• TASK STATEMENT: Lines from the one with "aluminium glass railing by the sea" up to and including the one with "Nov 9, 2021" are to be copied exactly from the records below, without their pictures.

• SOURCE DATA:
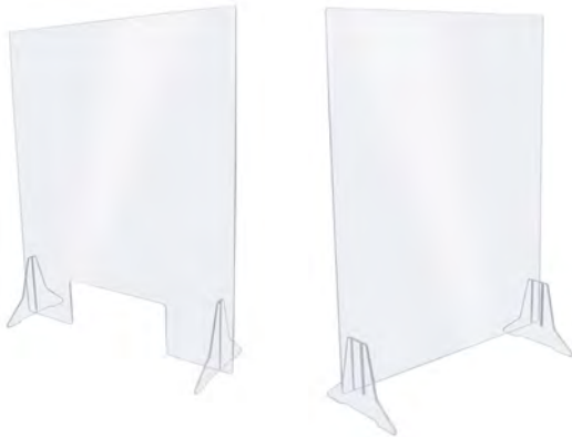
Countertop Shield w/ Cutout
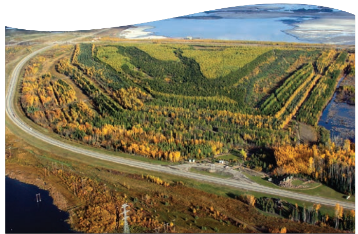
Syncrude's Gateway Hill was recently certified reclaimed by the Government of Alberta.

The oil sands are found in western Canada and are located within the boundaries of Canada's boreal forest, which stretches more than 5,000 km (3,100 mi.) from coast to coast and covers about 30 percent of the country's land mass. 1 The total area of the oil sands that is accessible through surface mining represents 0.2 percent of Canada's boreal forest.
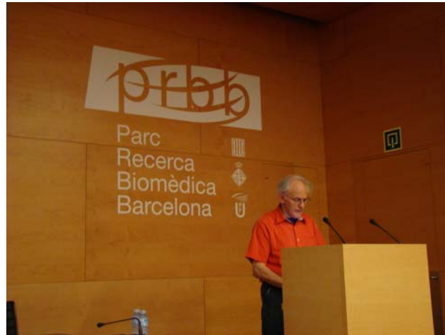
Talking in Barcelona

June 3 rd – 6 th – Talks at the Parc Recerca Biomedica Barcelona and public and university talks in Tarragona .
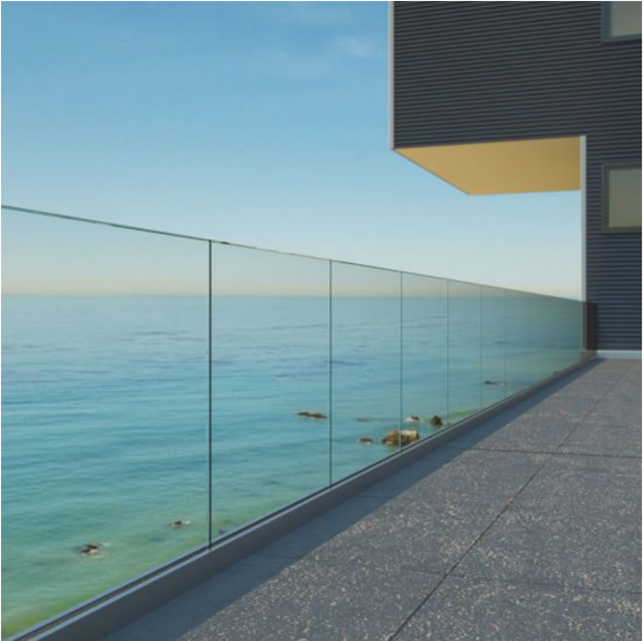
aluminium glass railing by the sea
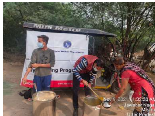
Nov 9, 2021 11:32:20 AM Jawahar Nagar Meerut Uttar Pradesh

* * *

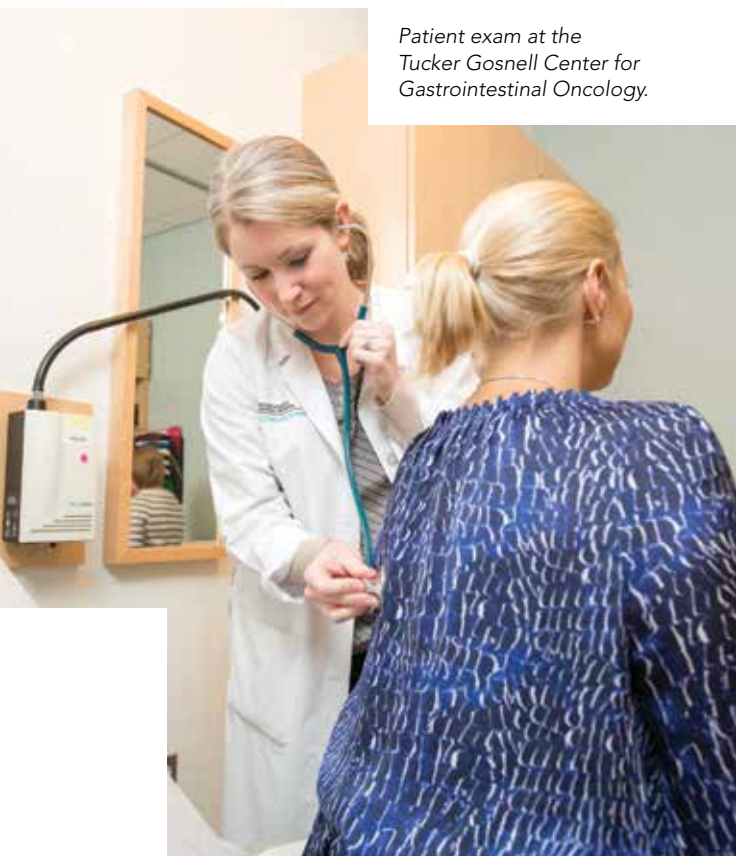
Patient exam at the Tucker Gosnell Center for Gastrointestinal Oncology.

• OUTPUT:
aluminium glass railing by the sea
Nov 9, 2021 11:32:20 AM Jawahar Nagar Meerut Uttar Pradesh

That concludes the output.